Long Binh Post was located on the east of Đồng Nai river, 20 km northeast from Saigon and 7 km southeast from Biên Hòa Air Base.

With the buildup of U.S. forces in South Vietnam, it was recognized that the continued influx of troops into Saigon would soon exceed its capability to absorb them and that usable real estate and facilities were not available in the Saigon area. The 1st Logistical Command was tasked with developing a short range plan to absorb the influx of troops, and a long range plan that would ultimately move the bulk of U.S. Army personnel out of the Saigon area. A thorough reconnaissance was made and the Long Binh area was selected for the establishment of a major logistical and administrative base.

A master base development plan was prepared, which provided areas for all activities in Saigon. General William Westmoreland, who was both Military Assistance Command, Vietnam (MACV) commander and Commanding General USARV, was briefed on the study and approved it in principle. He moved the headquarters of USARV to Long Binh. The headquarters of MACV remained in the Saigon area.

The 1st Logistical Command immediately began implementing the study by locating the ammunition depot, hospital, engineers, plus direct support and general support supply and maintenance support at Long Binh. The movement of headquarters activities was delayed by the requirement for $2 million to develop an adequate communication system in the area and by the time required for installation of the system.

By mid-1967, USARV, 1st Logistical Command and many other Army units dispersed in Saigon had moved to Long Binh Post, resolving centralization, security, and troop billeting issues. Long Binh Post was a sprawling logistics facility and the largest U.S. Army base in Vietnam, with a peak of 60,000 personnel in 1969.

The Viet Cong attacked the Long Binh ammunition supply point on 4 February 1967 destroying at least 15,000 high explosive 155 mm artillery rounds.
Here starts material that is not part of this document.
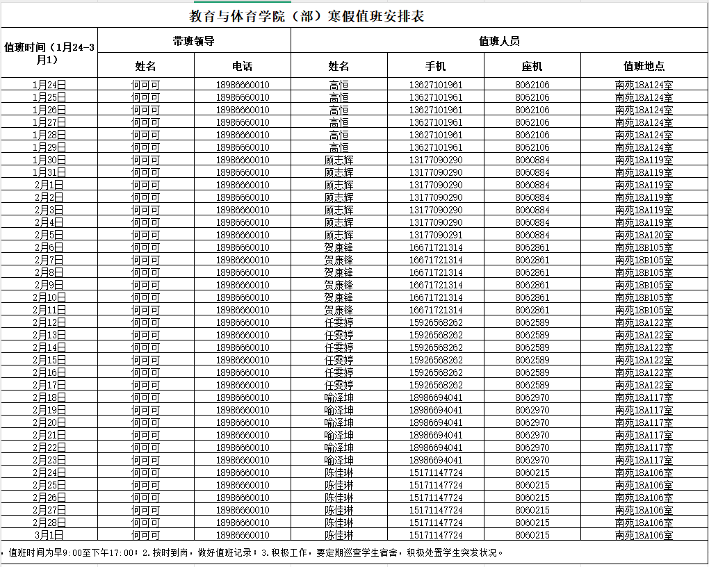 三、值班安排

The base was attacked again during the 1968 Tet Offensive as well as the 1969 Tet attacks.

Following the Tet Offensive attacks, over a period of two weeks, the 159th Engineer Group utilized the assets of all four of its construction battalions in constructing the Long Binh Post perimeter defense system. It consisted of 19,200 meters of double row, triple concertina fence, 19,000 meters of access road, 77 firing bunkers and 16 twenty-two man reserve force bunkers.

===Major units===
The II Field Force, 18th Military Police Brigade, 199th Light Infantry Brigade, 44th Medical Brigade, 20th Engineer Brigade, US Army Engineer Command, Vietnam and the 93rd and 24th Evacuation Hospitals were located on Long Binh Post. Logistics was provided by the 266th Supply and Service Battalion which provided graves registration; clothing and equipment; petroleum, oil, and lubricants (POL); and construction supplies for the III Corps Area in Vietnam.

Another unit was the 90th Replacement Battalion, a first stop for newly arrived U.S. Army enlisted personnel, who were then permanently assigned to other units in Vietnam. Long Binh Post included the Long Binh Stockade, a U.S. Army prison, from 1966 to the 1970s, also known unofficially as "LBJ" or "Long Binh Jail"

The 1st Aviation Brigade was headquartered at Sanford Army Airfield on the post.

===Post facilities===
Long Binh Post had dental clinics, large restaurants, snack bars, and a Special Services Crafts Shop that provided crafts, photo lab, wood shop, lapidary, leather crafting and silver/gold casting classes. Facilities included post exchanges, swimming pools, basketball and tennis courts, a golf driving range, University of Maryland extension classes, a bowling alley, many nightclubs (officer, NCO, enlisted) with live music, a Chase Manhattan Bank branch, laundry services, and a massage parlor. The base and its facilities were handed over to the Army of the Republic of Vietnam on 11 November 1972.

===Post Vietnam War===
The area formerly occupied by the Long Binh post is now Long Bình ward, which as of 2008 is largely given over to industrial use, known as Long Binh Techno Park and a shopping complex.